* [Work order]:
An exact transcription of the listing, without its images, is what the answer must contain.

* [Data segment]:
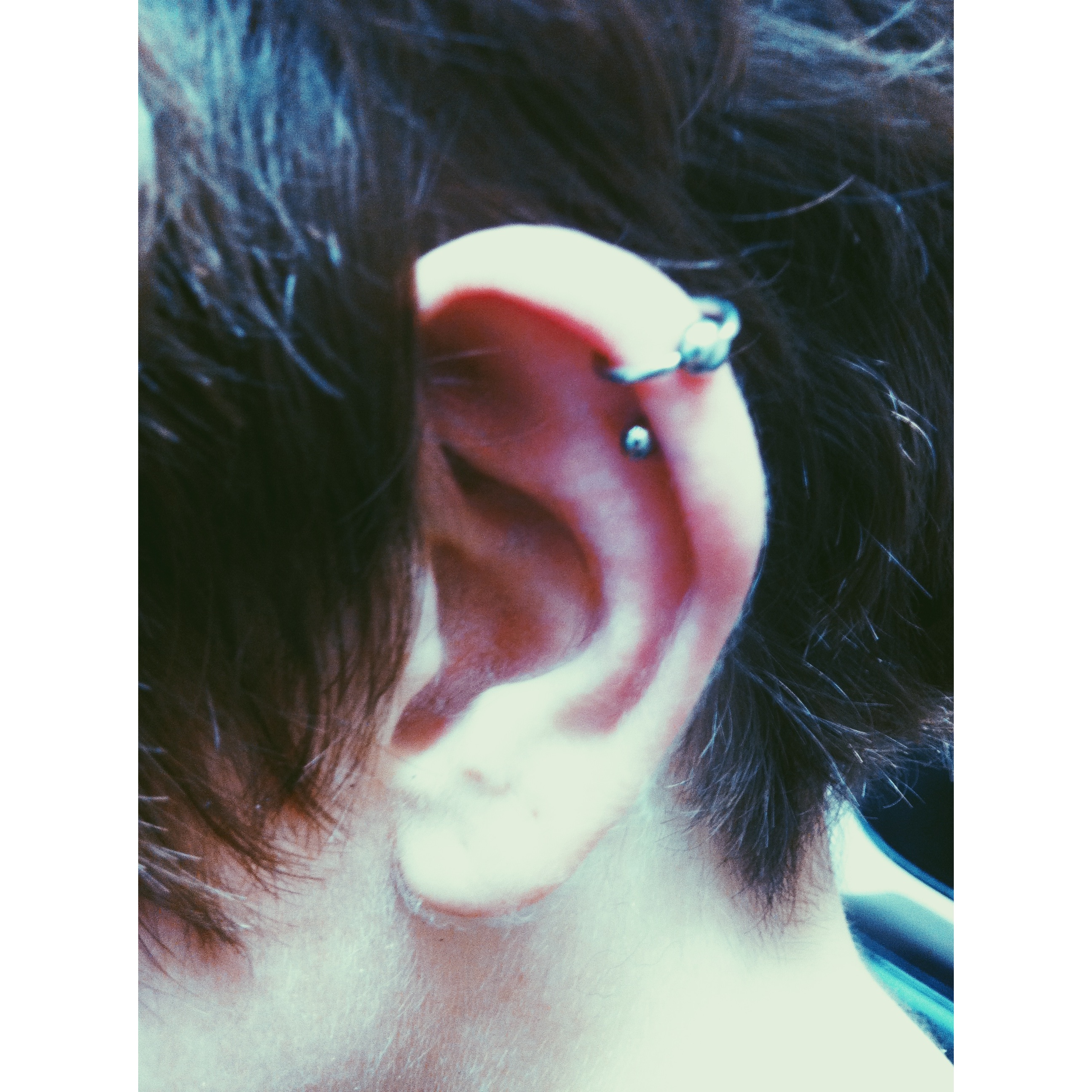 Top Ear Cartilage April 30, 2014 — Leave a comment Top Ear Cartilage Piercing Here’s a top ear piercing w/1.2mm x 8mm titanium bar, underneath the BCR; the lower of the two piercings. Share this: Click to share on X (Opens in new window) X Click to share on Facebook (Opens in new window) Facebook Like Loading...
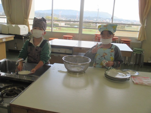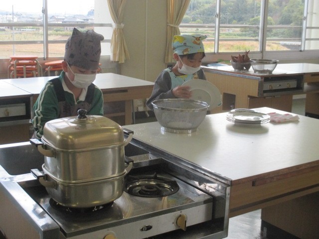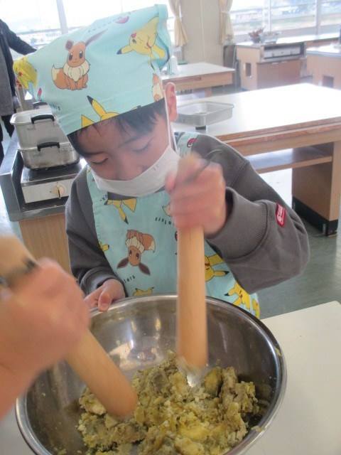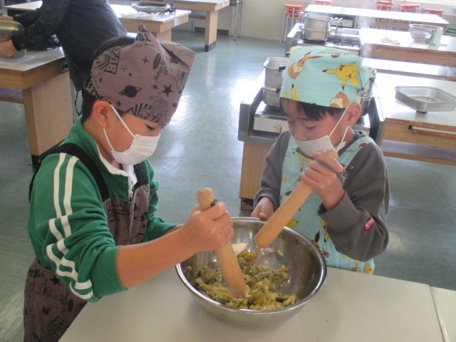 2年生は、以前収穫したサツマイモでスイートポテトとサツマイモ焼きを作りました。1年生は、きのかわ支援学校の1年生と交流でスイートポテトとサツマイモ焼きを作りました。
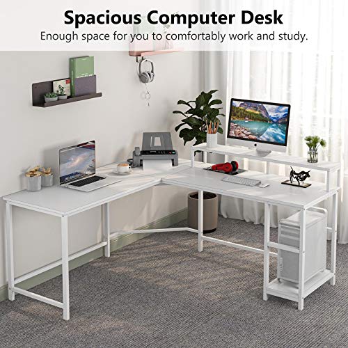 Scrivania per computer con ampio supporto per monitor e ripiano fai da te: lo scaffale salvaspazio della scrivania per computer a forma di L per i monitor lascia molto spazio sulla superficie per tastiera e mouse durante la scrittura, il gioco, il lavoro al computer e altre attività di home office. Questa scrivania angolare per computer è dotata di 2 ripiani (a destra) per tenere a portata di mano i file e i libri. Se hai bisogno di più spazio, puoi rimuovere il ripiano superiore della scrivania per un po 'di spazio extra per una torre del computer.
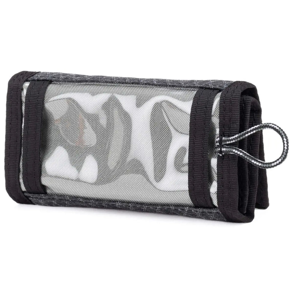 The wallet folds and fastens securely, keeping contents protected from dust, debris, and accidental loss. -

* [Your solution]:
 Top Ear Cartilage April 30, 2014 — Leave a comment Top Ear Cartilage Piercing Here’s a top ear piercing w/1.2mm x 8mm titanium bar, underneath the BCR; the lower of the two piercings. Share this: Click to share on X (Opens in new window) X Click to share on Facebook (Opens in new window) Facebook Like Loading...
 2年生は、以前収穫したサツマイモでスイートポテトとサツマイモ焼きを作りました。1年生は、きのかわ支援学校の1年生と交流でスイートポテトとサツマイモ焼きを作りました。
 Scrivania per computer con ampio supporto per monitor e ripiano fai da te: lo scaffale salvaspazio della scrivania per computer a forma di L per i monitor lascia molto spazio sulla superficie per tastiera e mouse durante la scrittura, il gioco, il lavoro al computer e altre attività di home office. Questa scrivania angolare per computer è dotata di 2 ripiani (a destra) per tenere a portata di mano i file e i libri. Se hai bisogno di più spazio, puoi rimuovere il ripiano superiore della scrivania per un po 'di spazio extra per una torre del computer.
 The wallet folds and fastens securely, keeping contents protected from dust, debris, and accidental loss. -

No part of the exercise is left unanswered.